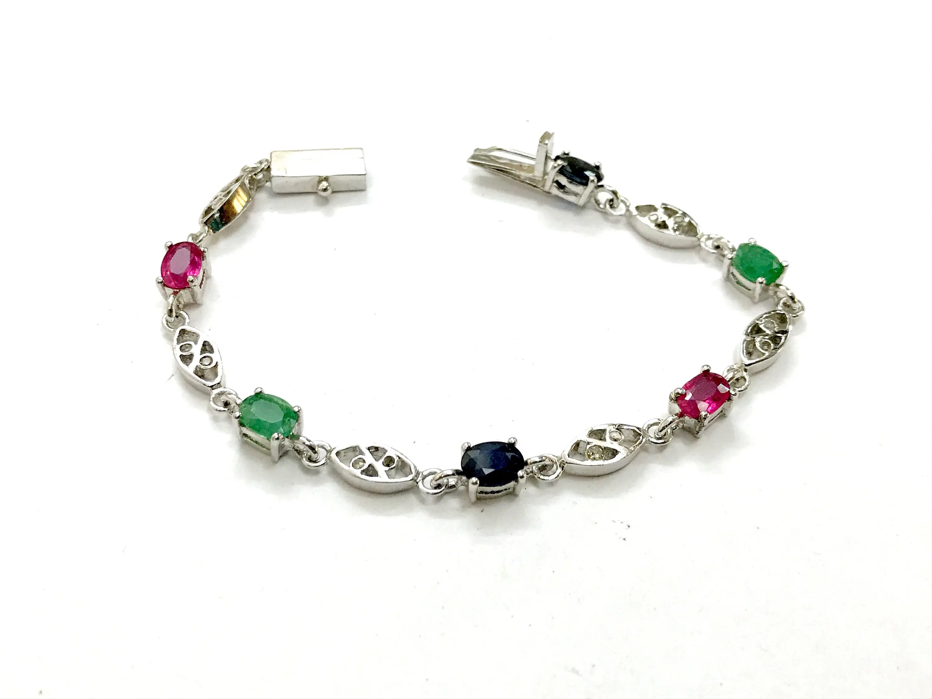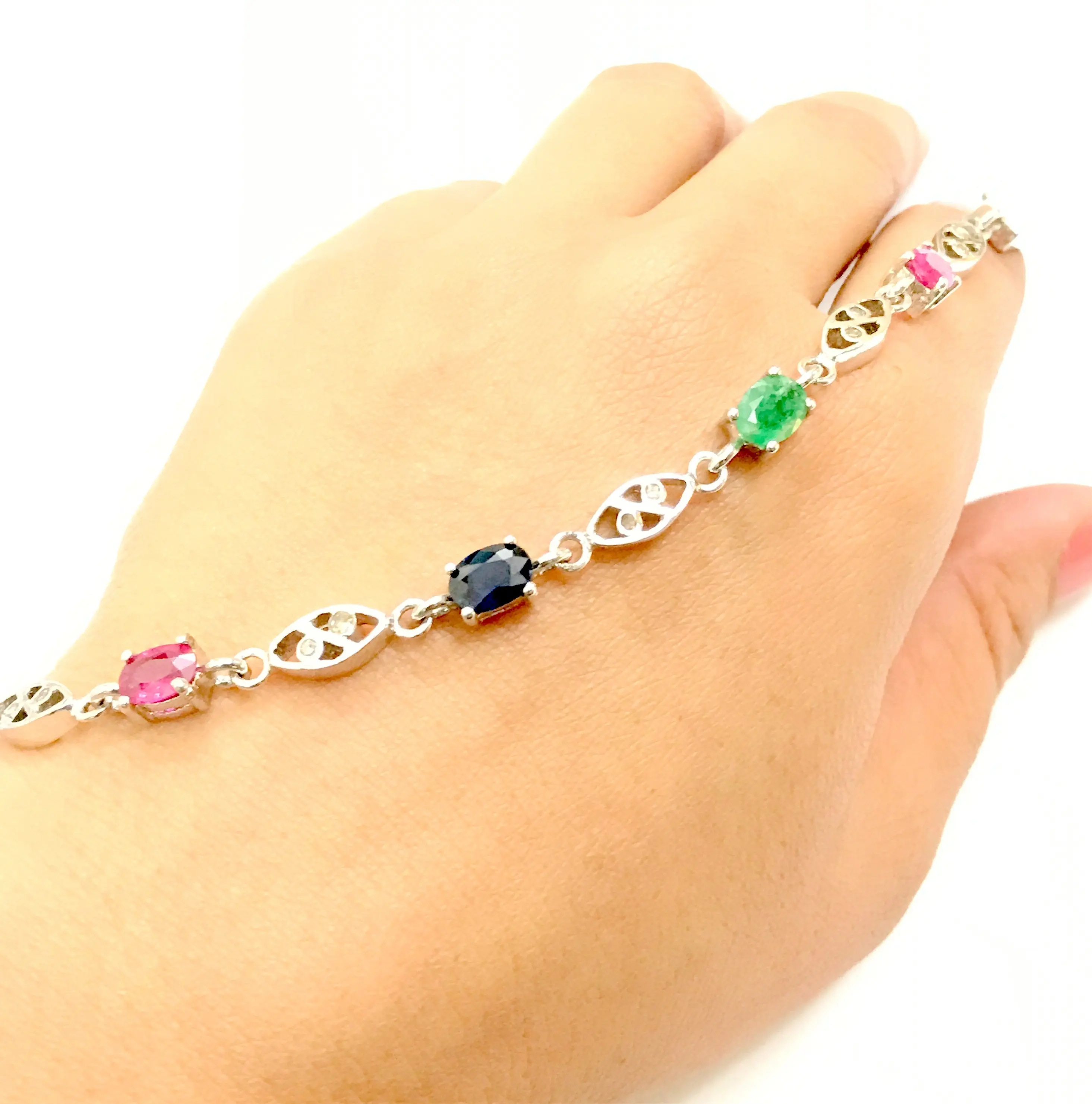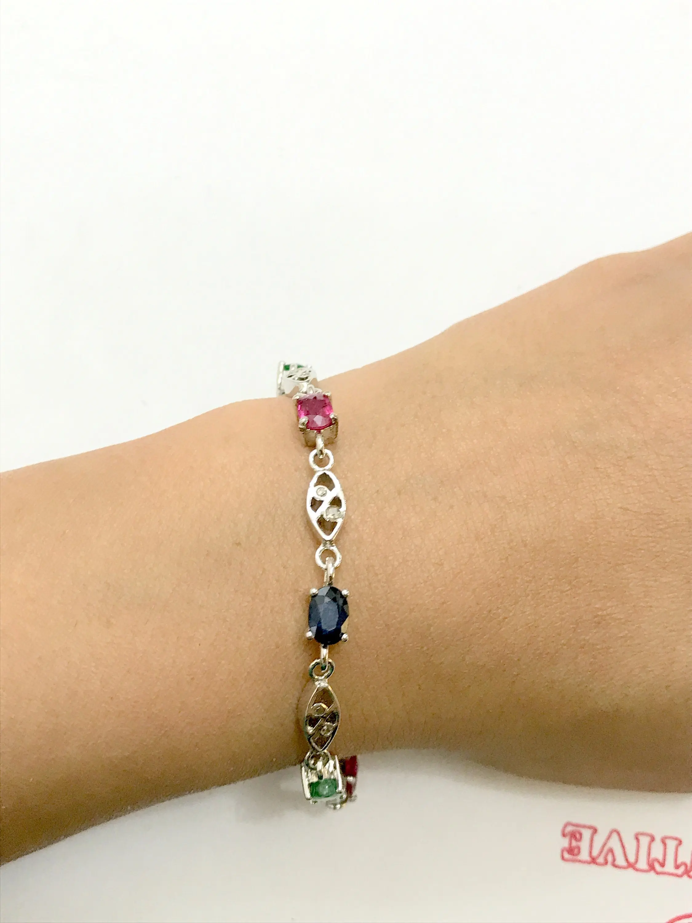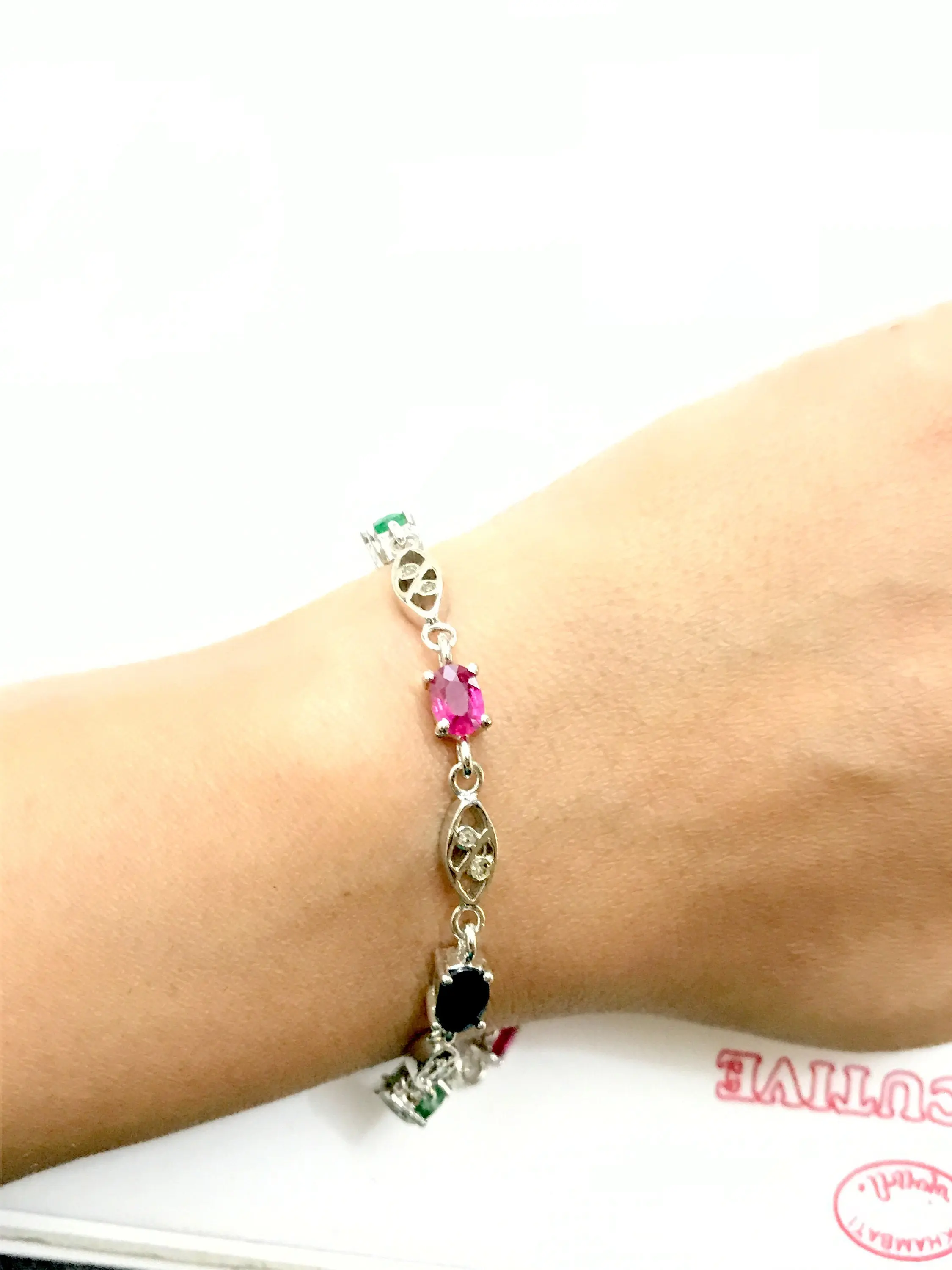7.5 inches EMERALD RUBY SAPPHIRE Diamond Bracelets , 925 sterling silver , Wedding Collection , Bridal Gift,Women Bracelets ,Christmas Gift
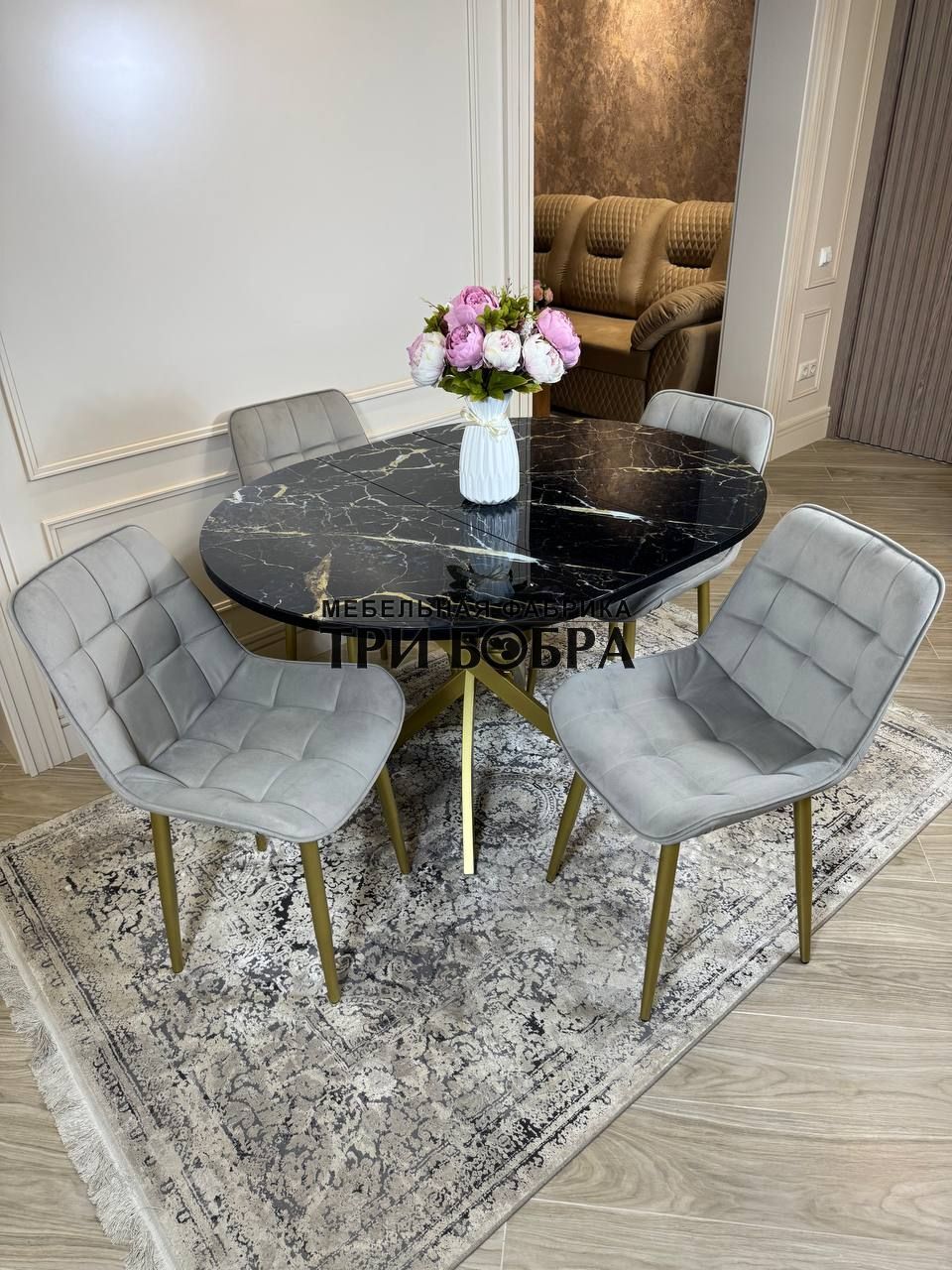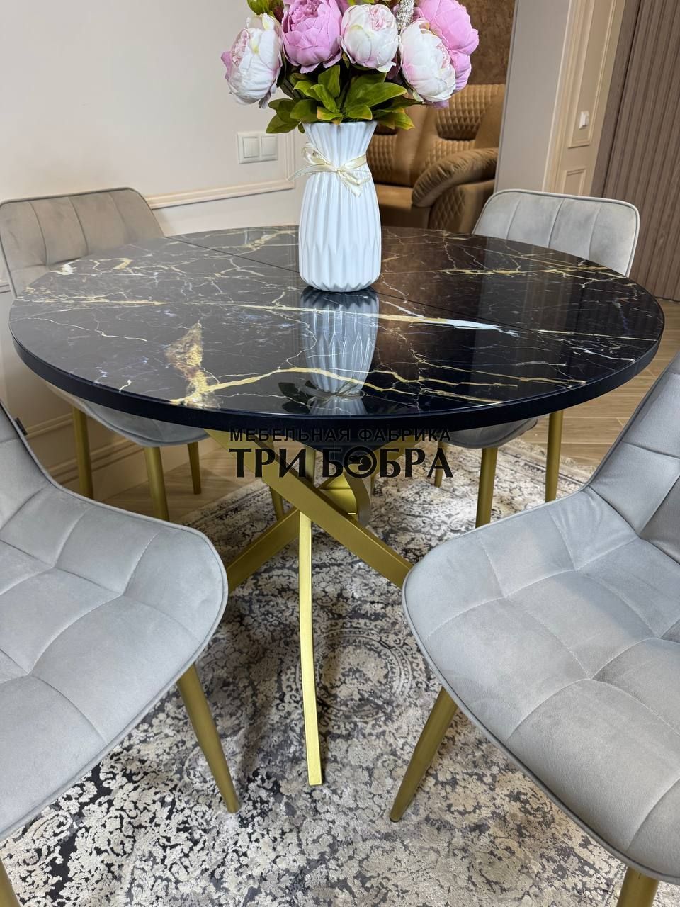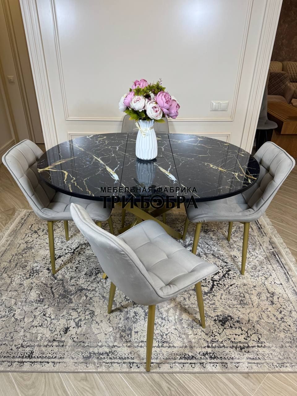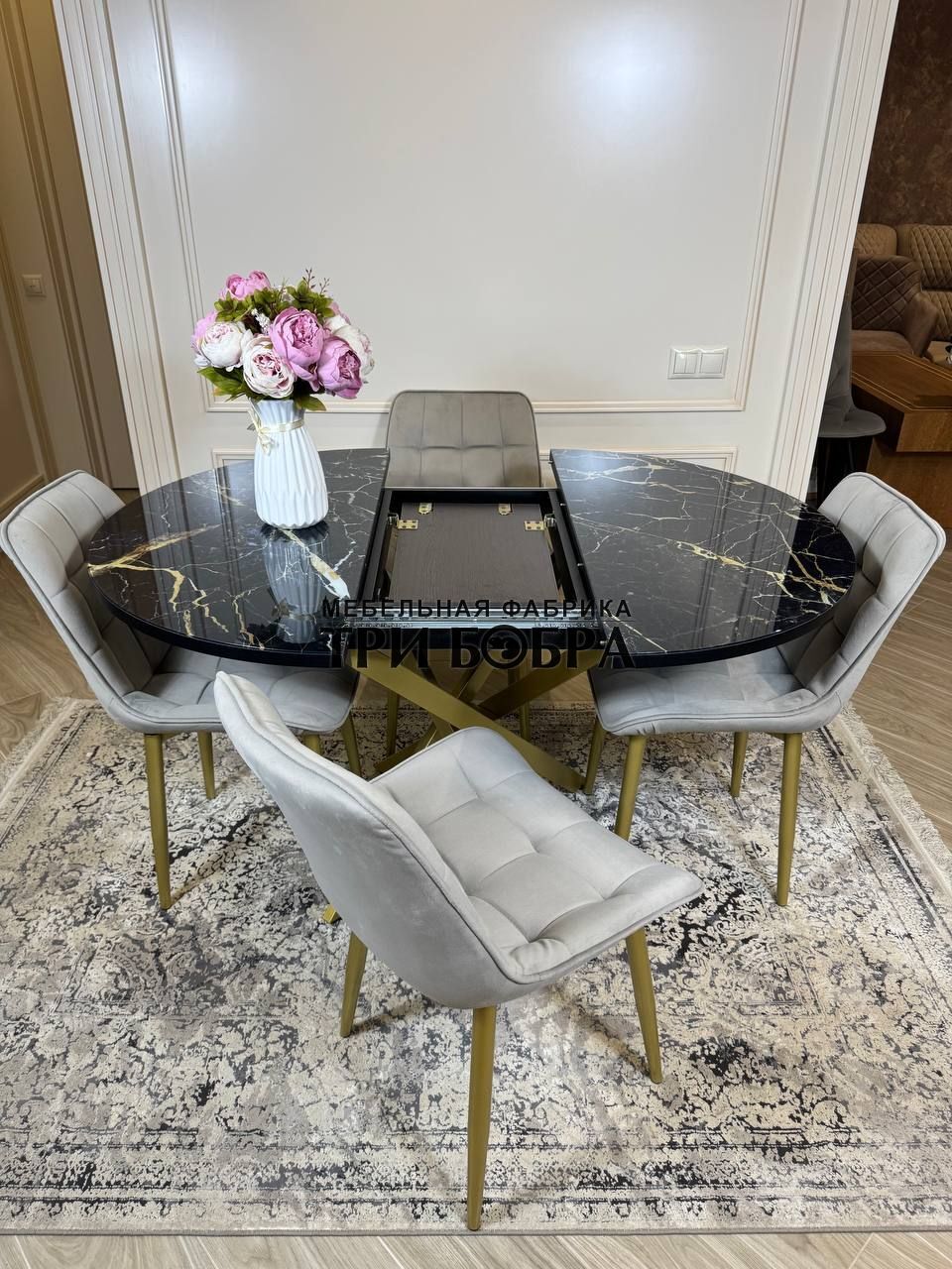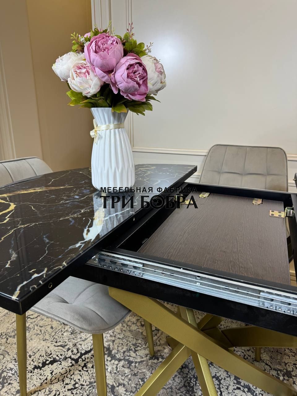 Стол обеденный раздвижной "Золотой мрамор"— практичное решение для любого дома.
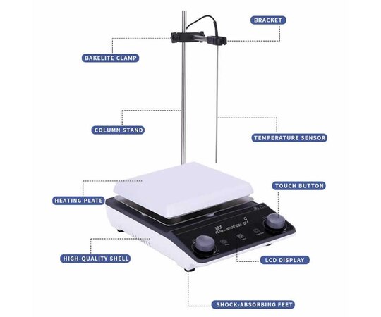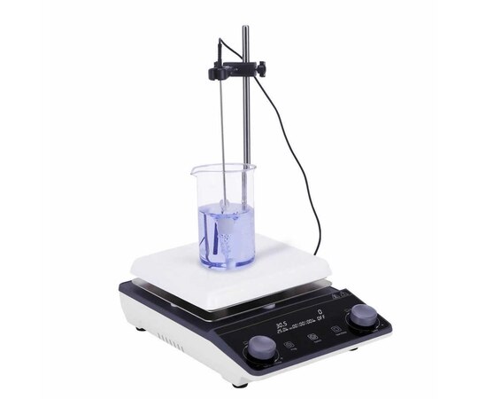 The Professional Hot Plate magnetic mixer or magnetic stirrer with temperature control is a laboratory device that employs a rotating magnetic field to cause a stir bar immersed in a liquid to spin very quickly, thus stirring it.
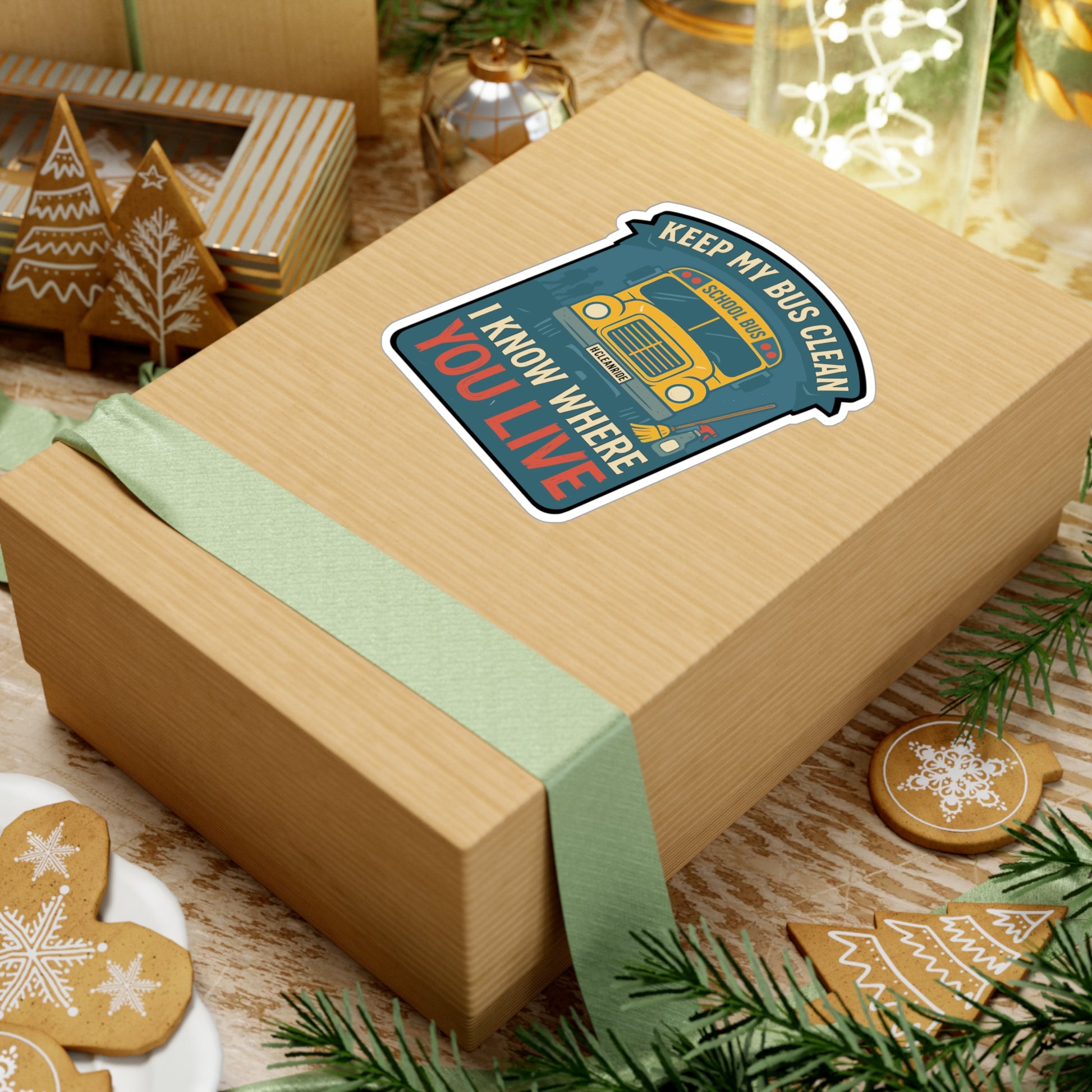 Keep My Bus Clean - I Know Where You Live - Schoolbus Driver Sticker for Laptop, Water Bottle, Gift for Bus Drivers

===============

_Directions for this task_
Reproduce every line of the material above, but drop the pictures.

_Expected answer_
7.5 inches EMERALD RUBY SAPPHIRE Diamond Bracelets , 925 sterling silver , Wedding Collection , Bridal Gift,Women Bracelets ,Christmas Gift
 Стол обеденный раздвижной "Золотой мрамор"— практичное решение для любого дома.
 The Professional Hot Plate magnetic mixer or magnetic stirrer with temperature control is a laboratory device that employs a rotating magnetic field to cause a stir bar immersed in a liquid to spin very quickly, thus stirring it.
 Keep My Bus Clean - I Know Where You Live - Schoolbus Driver Sticker for Laptop, Water Bottle, Gift for Bus Drivers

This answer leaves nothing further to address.